(Records from a dataset)

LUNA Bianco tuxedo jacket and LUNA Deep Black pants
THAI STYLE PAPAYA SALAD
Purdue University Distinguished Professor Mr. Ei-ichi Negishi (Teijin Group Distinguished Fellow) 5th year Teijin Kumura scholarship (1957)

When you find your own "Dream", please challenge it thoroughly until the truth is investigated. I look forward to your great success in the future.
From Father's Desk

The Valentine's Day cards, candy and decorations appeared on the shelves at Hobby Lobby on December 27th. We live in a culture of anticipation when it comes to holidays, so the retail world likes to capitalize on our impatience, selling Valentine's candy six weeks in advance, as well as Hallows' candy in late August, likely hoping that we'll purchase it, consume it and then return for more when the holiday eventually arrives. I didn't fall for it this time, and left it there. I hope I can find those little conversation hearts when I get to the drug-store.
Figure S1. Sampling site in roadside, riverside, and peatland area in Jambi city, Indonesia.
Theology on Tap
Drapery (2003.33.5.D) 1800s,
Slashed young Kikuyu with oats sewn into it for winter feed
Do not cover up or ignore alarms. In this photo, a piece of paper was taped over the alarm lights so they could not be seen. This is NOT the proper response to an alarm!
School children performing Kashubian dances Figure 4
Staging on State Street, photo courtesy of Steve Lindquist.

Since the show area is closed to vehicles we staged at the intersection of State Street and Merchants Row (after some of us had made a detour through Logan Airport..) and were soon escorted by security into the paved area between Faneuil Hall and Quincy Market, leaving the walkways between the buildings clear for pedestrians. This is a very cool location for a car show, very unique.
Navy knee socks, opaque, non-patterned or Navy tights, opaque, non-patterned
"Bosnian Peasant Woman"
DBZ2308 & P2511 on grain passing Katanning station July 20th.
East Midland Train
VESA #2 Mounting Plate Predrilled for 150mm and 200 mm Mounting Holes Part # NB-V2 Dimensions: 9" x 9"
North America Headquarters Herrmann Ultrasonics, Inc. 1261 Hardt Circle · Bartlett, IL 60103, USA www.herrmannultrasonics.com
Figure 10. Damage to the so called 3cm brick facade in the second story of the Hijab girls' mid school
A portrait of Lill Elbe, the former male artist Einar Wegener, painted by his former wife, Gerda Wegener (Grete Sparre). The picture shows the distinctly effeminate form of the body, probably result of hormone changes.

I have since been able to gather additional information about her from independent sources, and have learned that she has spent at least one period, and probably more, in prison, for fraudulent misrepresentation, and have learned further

[Goal of the exercise] Take every line above where "photo" appears and copy it.

[Answer box]
Do not cover up or ignore alarms. In this photo, a piece of paper was taped over the alarm lights so they could not be seen. This is NOT the proper response to an alarm!
Staging on State Street, photo courtesy of Steve Lindquist.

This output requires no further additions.